“There are people I’d like to settle into a drink with. Not for the sole reason of getting drunk, but for the ritual of lubricating someone’s personality.” ~Dave Matthews
There is an elephant in the room! I repeat, there is an elephant. Hello? Anyone? Anyone? We’ll come back to that!
Tomorrow is a pretty big day: I finally meet with my oncologist. We set up “a plan” or something like that. Because we’re not done. It seems we’re never done.
On Monday, I got my drain out, which was an I-want-to-barf-full-sweat-hot-mess kind of situation this time around (sexy?). It was jammed in there, said the physician’s assistant, which it just code for, sorry but this is going to fucking hurt.
It fucking hurt.
I am going to share with you what she said to me, because… I can; I love you but you need to be with me and hear this one, if I was subjected to it, so can you be: pulling the tube out will feel the way a slimy pasta noodle feels when you swallow it halfway and then pull it out. Sean was there, he heard it too. Maybe don’t tell patients that. That’s just gross. Pasta may be ruined for me (wait, was that the point all along? Pasta is in the bad carb category that can be associated with cancers; ah but wait there again, just about everything is blamed for or associated with cancer; no win here, it’s all circles now). I’m a “1-2-3 but pull on 1” kind of person (you know, keep counting so I don’t know what’s going on and my brain is still just following the numbers even as the pain sets in).

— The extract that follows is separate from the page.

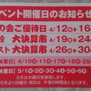 4月は決算売り出しのため、営業日、休業日が変わります。
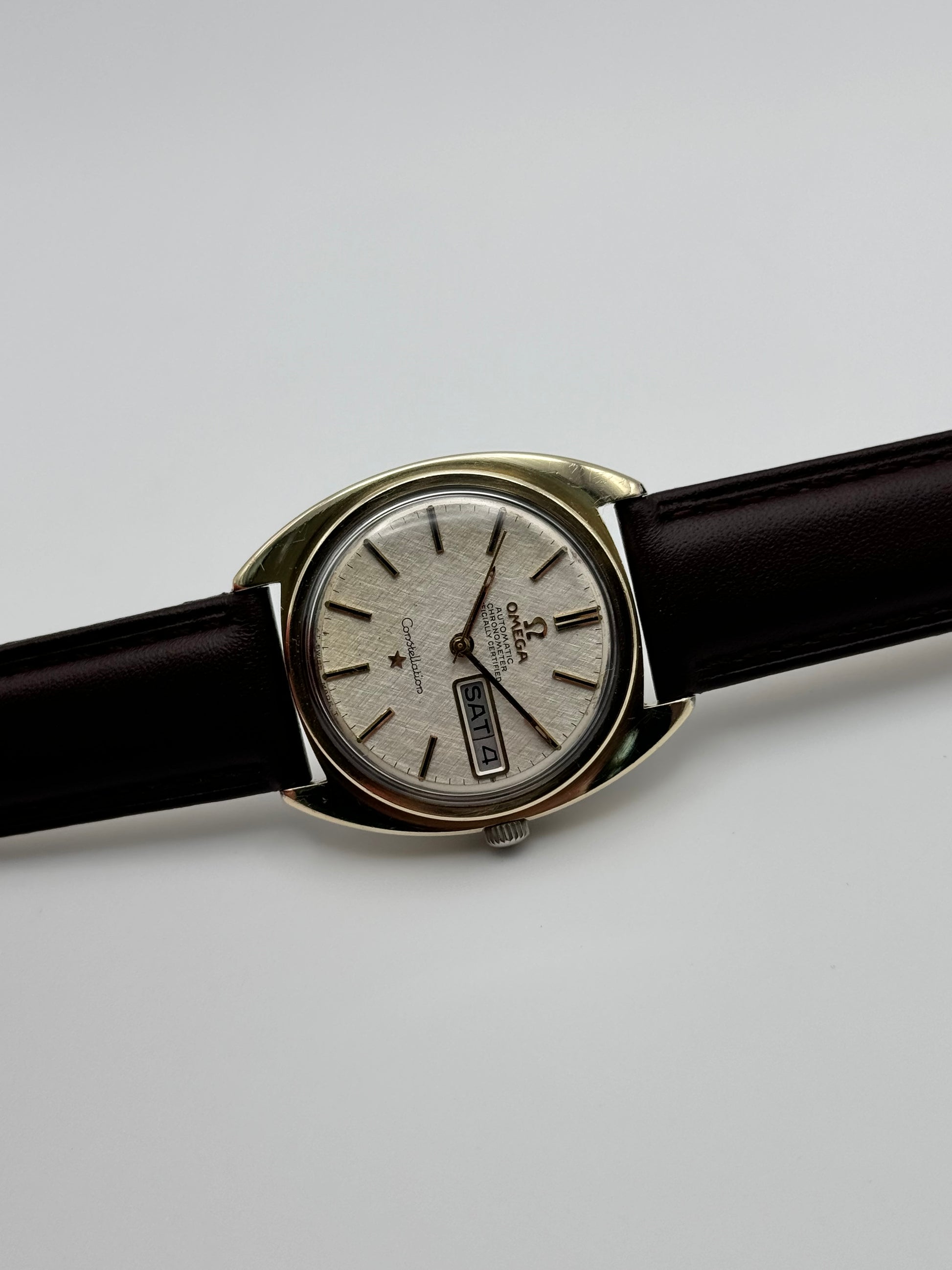 This is an absolutely spectacular and rare vintage Omega Constellation from the 1960s. This piece features a beautiful linen dial which displays a fully functional Day-Date complication. The watch is in perfect working order and is keeping excellent time well within specification.

Well, anyway, it was at least out. No results yet. Would I like to set up genetic counseling? Sure, why not. I’m a scientist, I’m curious, I’d like to know more and help the scientific community. And I’ve got some free time right now (I’m still on leave from work as we sort all of this out). Let’s find out if I’m in the 10% of breast cancer patients that have the gene. Because I’m so young, I’m eligible for counseling. Cool? I guess. Yay, science, yay, research patient.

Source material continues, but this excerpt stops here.